Now if you run a taxi business, you are almost in a monopoly. There are only a handful of taxi companies, most contract self-employed drivers. The taxis are licensed by our State Government – that means they regulate how many licenses are available at any one time, supposedly through a needs basis (but ask any Perthite and they’ll tell you the taxis don’t meet the demand).

So if you did run a taxi company your competitive advantage is the fact that there are a limited number of competitors and that there was a high barrier to entry into the industry.

So, you create strategies around that competitive advantage. Your strategies might include better advertising that others, better technology to get your cabs there first, more efficient cars to reduce operating costs, and so on.

So what’s wrong with this picture of strategy creation?

Uber.

Then came Uber and thus ended your competitive advantage.

Stuck in the mindset of looking for strategies around your competitive advantage you continue to attempt to advertise against Uber, or to put together smart phone apps that plot your taxis, or to look for cheaper cars.

In the meantime, your competitive advantage continues to disappear. So, you look for your “new” competitive advantage” and try to strategize around that whatever it might be. Sure, you have to keep doing this, keep changing, much more frequently than before, but how else will you create strategy to grow or sustain your business?

Except that Uber has not only taken away your competitive advantage, it is taking away your whole model in the industry. No new strategies around new competitive advantage will mitigate that!

In this era of transient competitive advantage you need to look at much more than just your strengths. You need to be agile and adept at finding market gas and opportunities, not be fixed to one set of strategies based around a constantly changing competitive advantage.

The combination of the digital economy and globalisation means that competitors can come from anywhere. In the taxi industry they don’t just come from other taxi companies any more. They don’t come from a better public transport. They come from another industry altogether – the single car driver. This means that they can’t respond just by lobbying government to “do something about Uber” or to compete against “unsafe Uber drivers”. If they do only that they are missing the whole point, that the old ways of measuring their competition are gone.

Shifting your strategy in this new age takes the ability to be alert about what’s going on in your industry, and having the ability to react in untraditional ways. Instead of harking back to what should have been done (“Uber is unsafe”) you need to look for opportunities in the new space. Taxi companies for example can aim to be far more responsive.

You need to have an external and forward focus rather than backward looking and you need to be able to move early before the warning appears.

Agility also needs you to rethink your resources. Newspapers all over the world operated in the era of the internet, and yet they attempted to shore up core business by creating strategies to start new titles, reduce printing costs by changing format, offer advertising specials.
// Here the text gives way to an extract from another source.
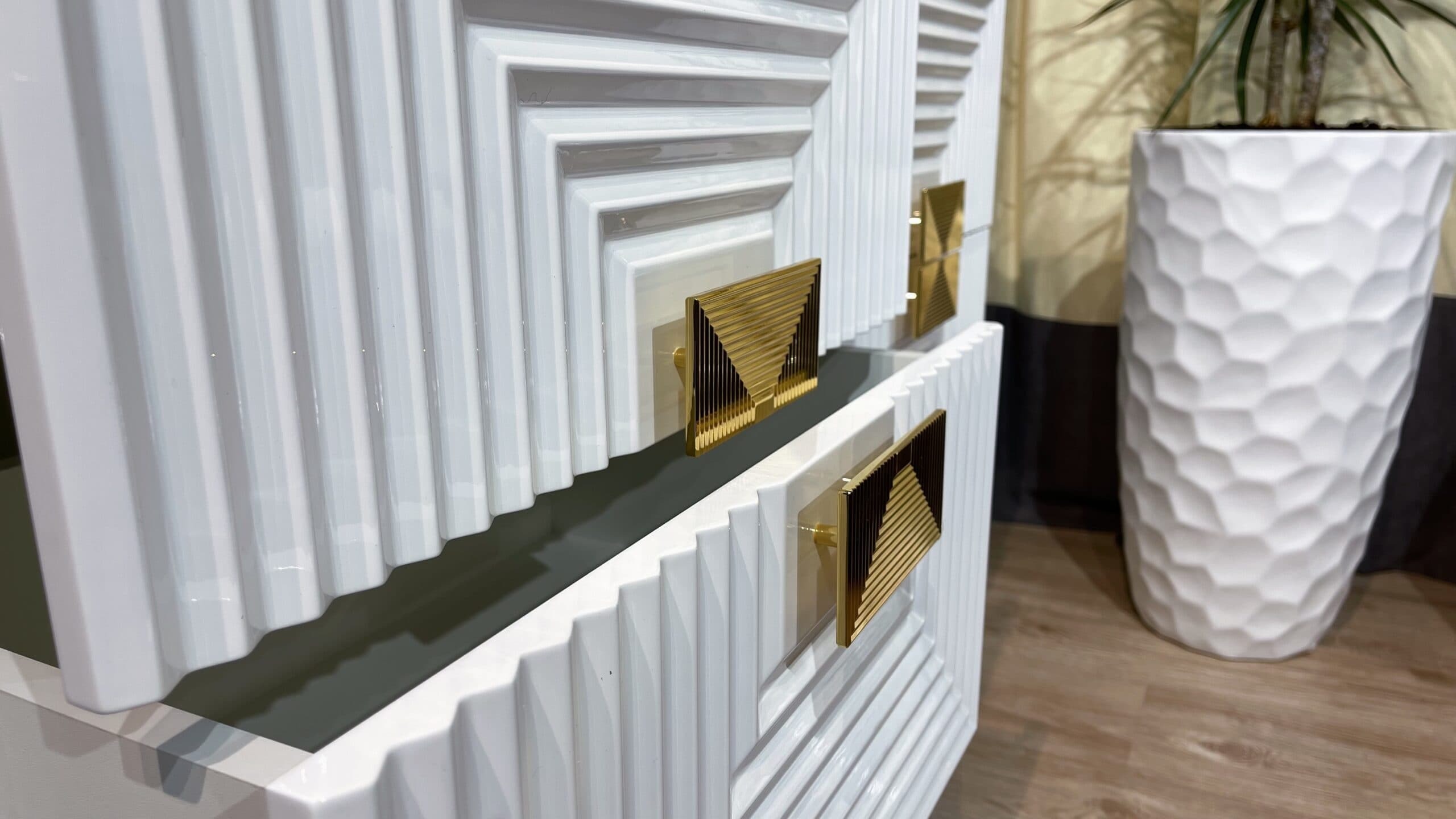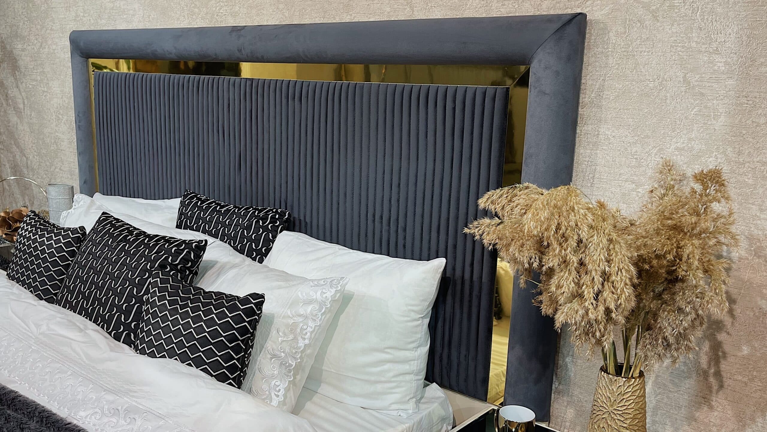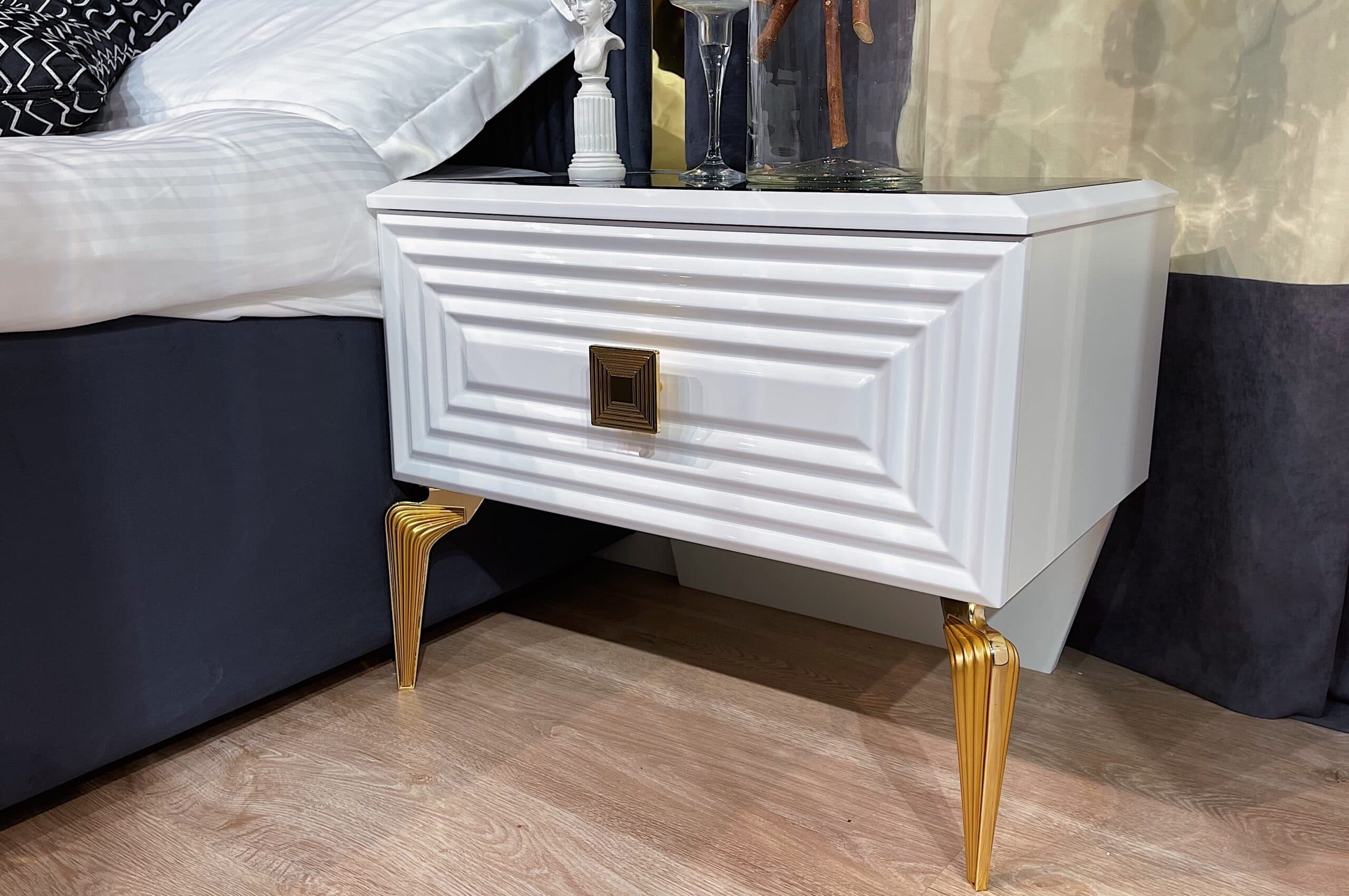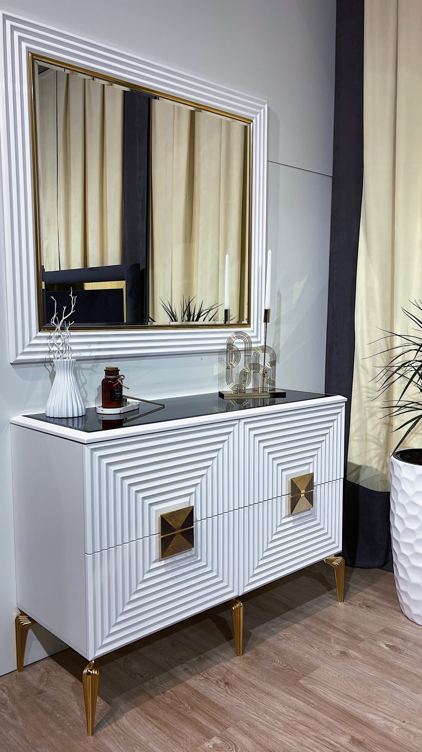 Коллекция мебели «Алия» — воплощение роскоши у вас дома! Глянцевые фасады ЛМДФ цвета сатин, изысканный молдинг из зеркального золота Турции и фурнитура бренда CEBI подарят вашему интерьеру элегантность и благородство. Прямолинейные зеркала с фацетом визуально расширяют пространство, а мягкая кровать с обивкой микровелюром создаст комфортную зону отдыха. Благодаря продуманным размерам каждый элемент идеально впишется даже в небольшое помещение. Создайте стильную обстановку без лишних усилий вместе с коллекцией «Алия».

Not many seized the new opportunity and saw that internet was the future of classified advertising until too late.

The key to combating changing competitive advantage is to continuously reconfigure – moving core business if you have to in order to meet your market. For business owners this needs a big change in mindset. You may need to stop seeing yourself as one thing and instead open yourself to providing what service is actually needed in your industry. Kodak saw it self as supplier of top quality film. It’s gone. What would have happened if it had seen itself as a provider of media, in whatever form?

Here’s a few examples of how core business might change within your industry:-

  • Yoga studio to Wellness studio
  • Accountant to Digital Financial Services
  • Auto-mechanic to Specialist Auto-Brand services
  • Secretarial Service to Virtual Assistant

In today’s digital economy, not many of us can stay “just one thing”. We need to be aware of what’s happening in our industry and be agile enough to change the way we see ourselves.